GDB needs registers and the thread's stack memory, so it can
unwind the stack, and needs to be tought about the register layout
in those ".reg" sections, as that layout differs between machines,
ABIs, and core file formats.
> warning: "/home/danny/src/gdb/gdb/arm/gdb/examples/Ce042809-01.kdmp": no
> core file handler recognizes format, using default
You need to fix this. Look at i386-cygwin-tdep.c, and do something
similar in arm-wince-tdep.c. You'll need to register a new sniffer
in _initialize_arm_wince_tdep (probably for bfd_target_unknown_flavour
or for a new minidump flavour you've added?), the sniffer callback can be
the current `arm_wince_osabi_sniffer' function, but you'll need to
tweak it to return GDB_OSABI_WINCE for your bfd.
Then, in arm_wince_init_abi, you need to register a
callback with set_gdbarch_regset_from_core_section that
extracts the registers from .reg sections.
> I see code that creates ".reg", ".crash", ".data" sections.
> Where can I find documentation for that ?
Docs, who needs stinking docs ?!!!1 :-) I don't know where
these things are documented, I just look at src/gdb/corelow.c
to see what GDB expects.
> Are these the things I need to do ?
Yes. In your case, it will be one '.reg/TID' section per thread. The
thread that was current at the time of the crash gets a literal ".reg"
section, that lives at the same offset as its corresponding ".reg/TID"
section. Best look at the sections of a core file on your linux box
to see what I mean (objdump -h core). You can borrow bits
from bfd/elf.c:_bfd_elfcore_make_pseudosection for this.
".crash" isn't used by GDB, it seems specific to cisco cores.
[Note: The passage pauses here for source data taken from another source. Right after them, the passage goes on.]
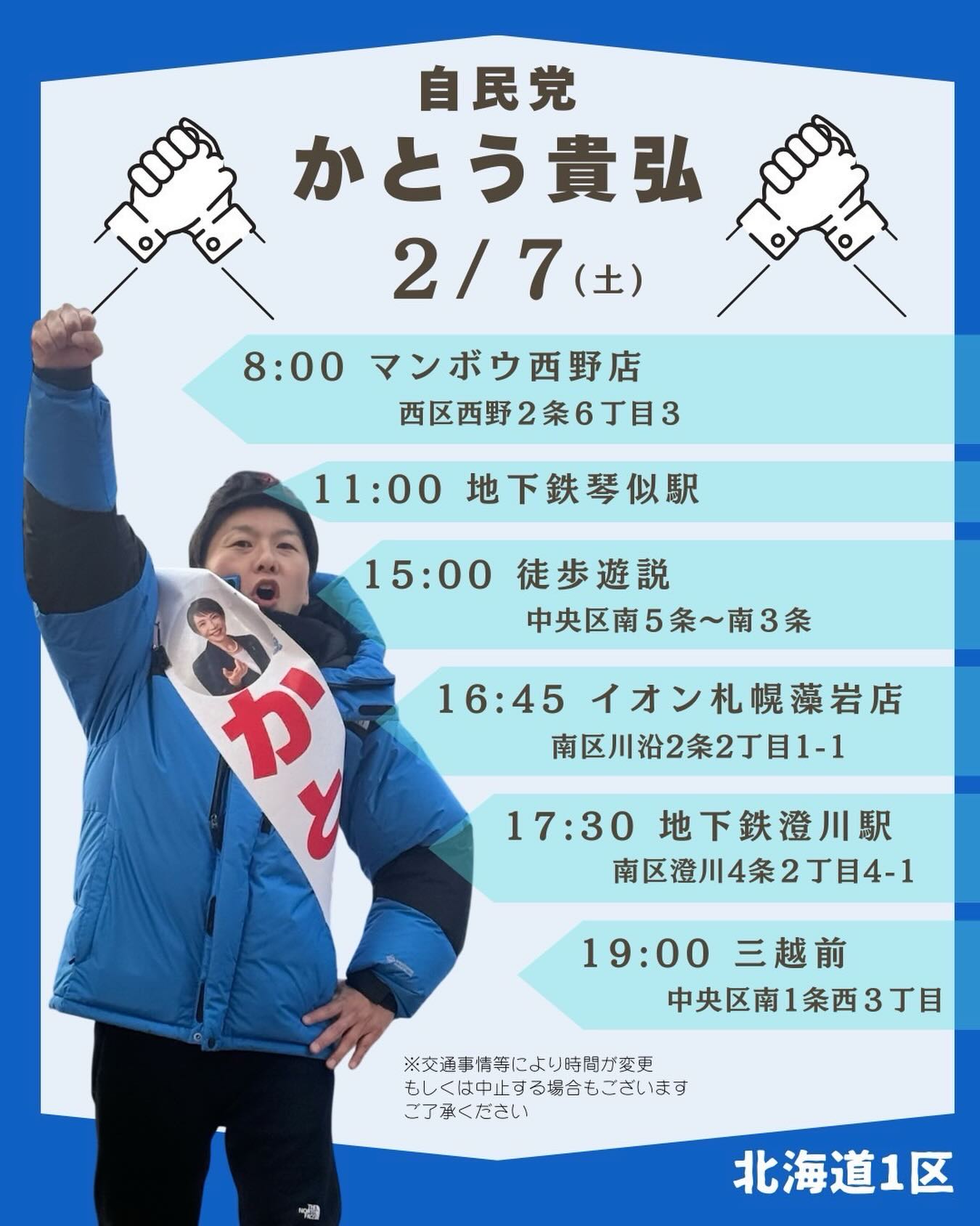2月6日.2026 2/7(土)最終日の予定です。最終最後まで、お力をお貸し下さい️よろしくお願いいたします️ #かとう貴弘 #加藤貴弘 #北海道一区 https://www.instagram.com/p/DUacbRzj9Fm/embed/ « 前のページ 次のページ » ブログトップに戻る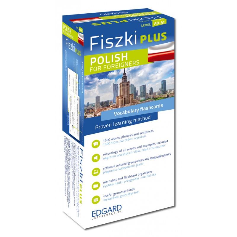 Zestaw Fiszki Plus. Polski dla cudzoziemców zawiera:– łącznie 1600 słów, wyrażeń i zdań,– nagrania wszystkich słówek i zdań oraz ich tłumaczeń – możliwość tworzenia własnych playlist,– program z ćwiczeniami i grami językowymi (do pobrania),– system kolorowych przegródek i memolistę – szybka powtórka słówek,– pomocne wskazówki gramatyczne.Fiszki Plus. Polski dla cudzoziemców (A0-A1) to pakiet będący częścią rozbudowanego systemu nauki, dzięki któremu szybko i skutecznie nauczysz się najważniejszych słów, zwrotów i wyrażeń niezbędnych do swobodnego porozumiewania się po polsku.Każdy zestaw Fiszek Plus to starannie przygotowany materiał, wysokiej jakości nagrania wymowy wraz z programem komputerowym, memolistą i grami językowymi. Z Fiszkami Plus nie tylko zapamiętujesz słówka, lecz także poznajesz słownictwo w kontekście, uczysz się nieregularnych form oraz popularnych zwrotów językowych. Od dziś nauka języka stanie się przyjemnością!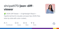 GitHub - shripatil70/json-diff-viewer: 🧩 JSON Diff Viewer — A lightweight React + TypeScript tool to visually compare two JSON files side-by-side with color-coded differences, live updates, dark/light mode, and zero UI libraries.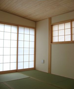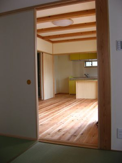 すべて真壁、壁は珪藻土という昔ながらの住まいです。1階和室と玄関部分を平屋(下屋)にして、LDK+水廻り部分が2階建ての構成。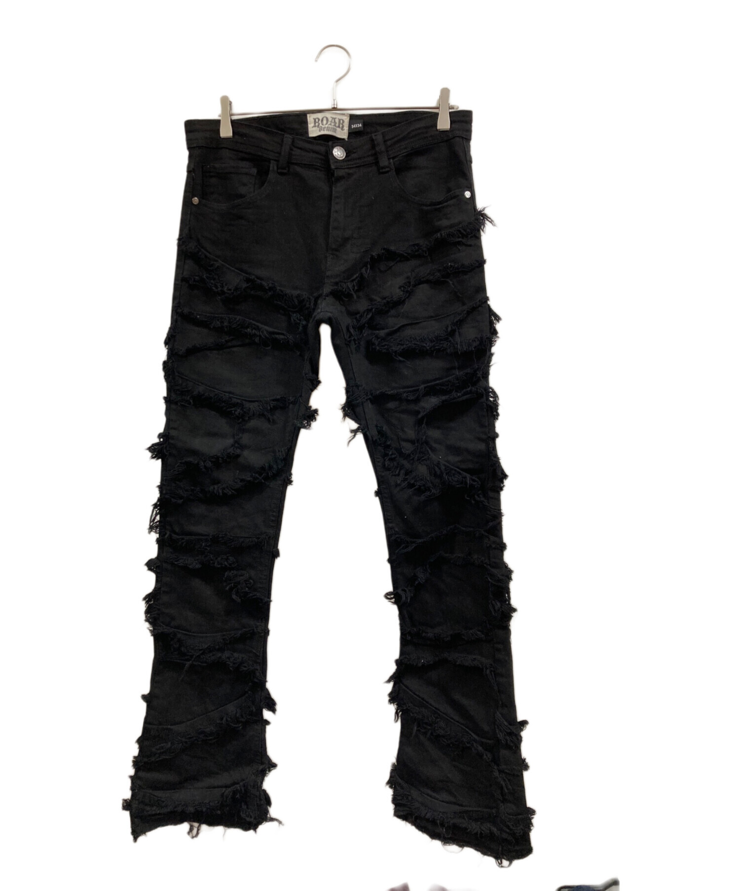 • ROAR Denim(ロアーデニム)ROAR Denim (ロアーデニム) デニムパンツ ブラック サイズ:34/34の古着・服飾アイテム 裾毛羽立ち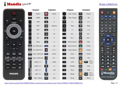 A continuació, us mostrarem la correspondència entre cada un dels botons del comandament original i el botó que realitza la mateixa funció en el comandament de substitució. En alguns casos, és possible que necessiti prémer la tecla SHIFT abans de prémer un altre botó per realitzar certes accions. Aquestes funcions addicionals sovint no s'utilitzen gaire i s'inclouen per facilitar la comprensió del comandament de substitució, o perquè el comandament original té més botons que el seu equivalent.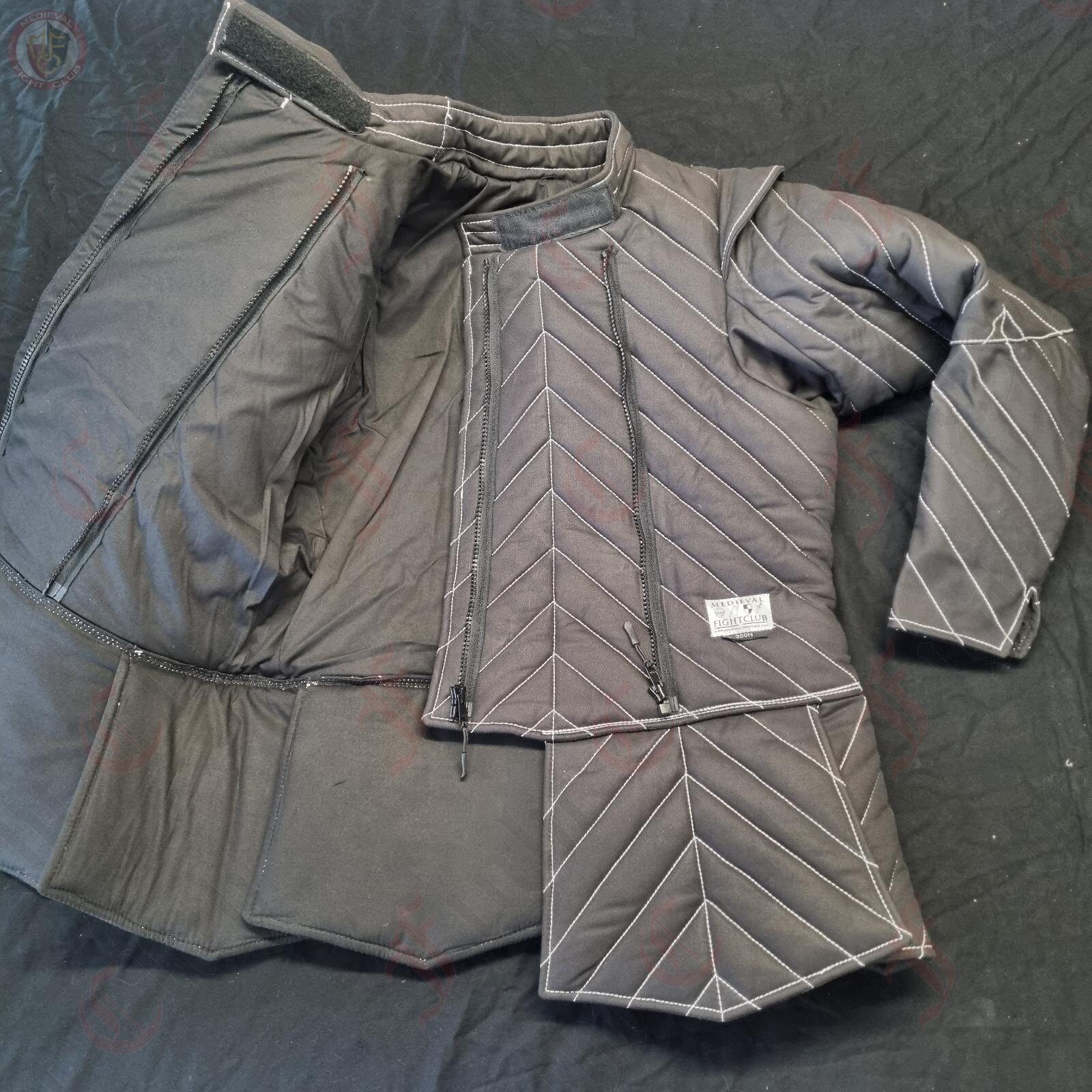 Top of the line performance demands top of the line protection. Tested to withstand 350 N of force, this HEMA combat jacket is perfect body armour for a HEMA duellist. Featuring thick padded protection for the chest, back, arms, neck and pelvis, this jacket will keep you protected without restricting your movement.

It doesn't
matter the name of the section that contains data (only the
section flags count), but ".data" is fine.
I (re-)suggest to also add a ".module" section, containing the
list of loaded dlls, and their load addresses, and then to
copy the bits from i386-cygwin-tdep.c to arm-wince-tdep.c that
parse that section --- start with this bit:
set_gdbarch_core_xfer_shared_libraries
(gdbarch, windows_core_xfer_shared_libraries);
It looks to me that this ends sharing significant chunks of code
between arm-wince-tdep.c and i386-cygwin-tdep.c, so we
could move those bits of shared code to windows-tdep.c.